Records to use ->
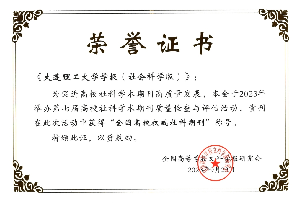 《大连理工大学学报(社会科学版)》此次获评“全国高校权威社科期刊”,是继2014年“全国高校百强社科期刊”、2019年“全国高校社科精品期刊”后获得的又一荣誉,说明了《大连理工大学学报(社会科学版)》办刊质量和学术影响力得到了学术界与期刊界的高度认可,也说明了《大连理工大学学报(社会科学版)》在办刊质量上稳居全国同类期刊前列。
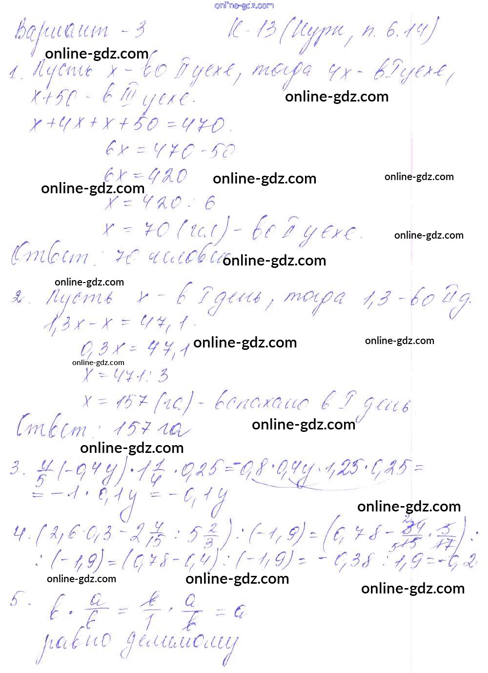 Готовые домашние задания по Математике за 6 класс Дидактические материалы Чесноков, Нешков 2014 - КР-13 к учебнику Нурка 3
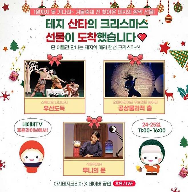 [▶네이버TV 공연 라이브]에서도 여러 편 공연 중계가 진행되는데요, '신과 함께 저승편'(24일), 국제어린이청소년연극협회 아시테지 코리아에서 인기작품 세 편으로 구성한 메리 랜선 크리스마스(24, 25일), 뮤지컬 '몬테크리스토' 리허설(25, 26일), 리처드 용재 오닐 송년음악회 '선물' (27일), 뮤지컬 '베르테르'(28일), 뮤지컬 '시데레우스'(30일) 등이 유료 상영됩니다.
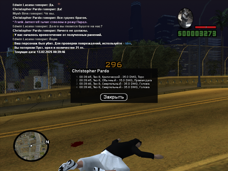 Суть жалобы: Убили за то что не отдал деньги и кажись у парня который убил меня был дм на голову ))
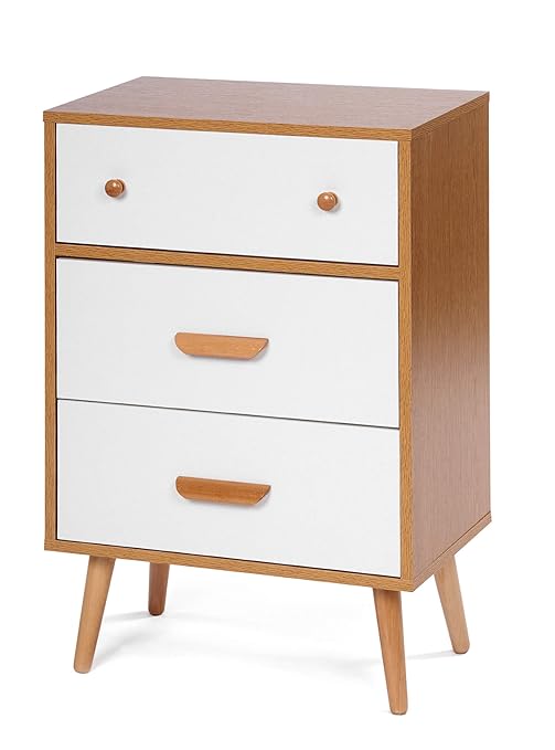 Kommode 3 Schubladen Tur Schrank Weiss Braun Landhaus Holz
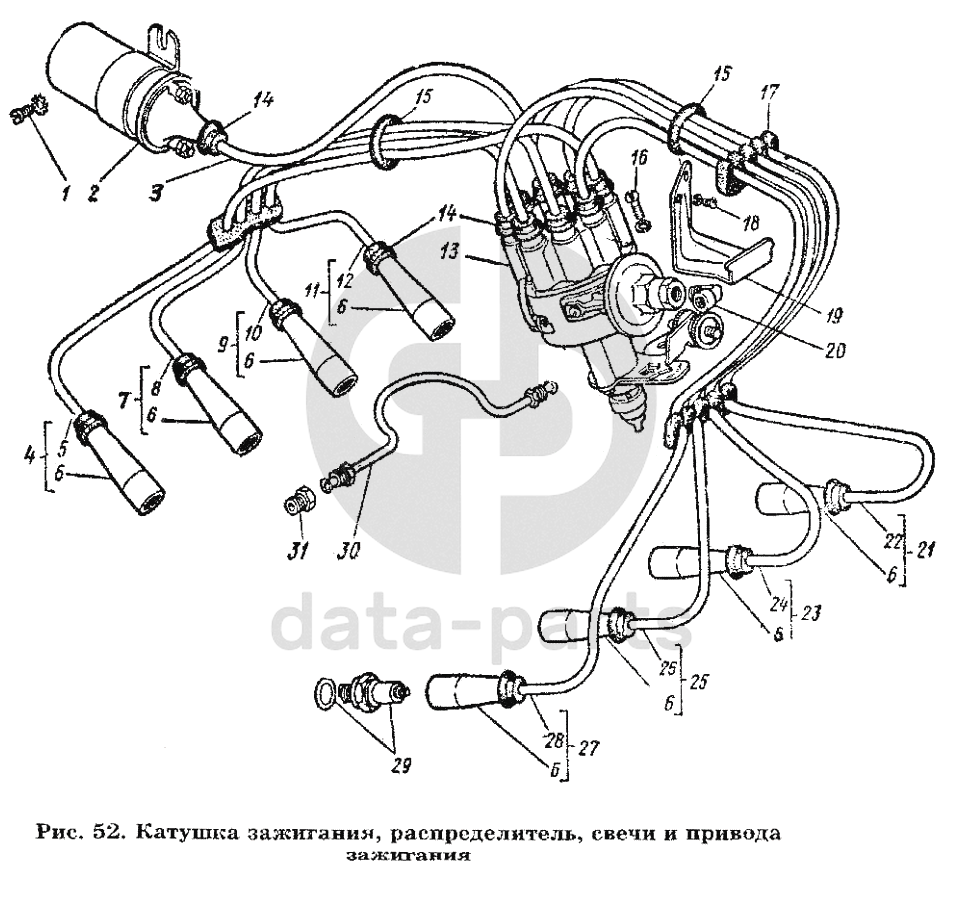 Катушка зажигания, распределитель, свечи привода зажигания ГАЗ-53 А
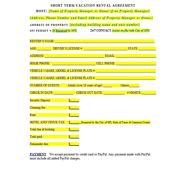 Short Term Rental Agreement Template Etsy
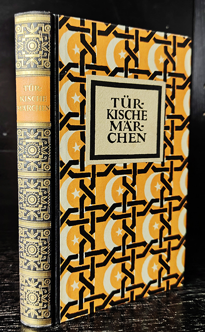 Türkische Märchen. Hrsg. von Fr. Giese. (= Die Märchen der Weltliteratur, hrsg. von Friedrich v.d. Leyen u. Paul Zaunert). Jena, Diederichs 1925. 304, (4) S. mit Titelillustration, OHlwd. mit goldgepr. Rücken, farb. gemustertem Überzugspapier u. Kopffarbschnitt. Gutes Exemplar in der besseren Einbandvariante (sonst: Pappe). Buchausstattung von F.H. Ehmcke. DEA.

Your instructions -> Would you set down only the lines above from the line with "Суть жалобы: Убили" to the line with "Катушка зажигания, распределитель, свечи", both included, exactly as they stand and without the pictures?

Response for this exercise ->
 Суть жалобы: Убили за то что не отдал деньги и кажись у парня который убил меня был дм на голову ))
 Kommode 3 Schubladen Tur Schrank Weiss Braun Landhaus Holz
 Катушка зажигания, распределитель, свечи привода зажигания ГАЗ-53 А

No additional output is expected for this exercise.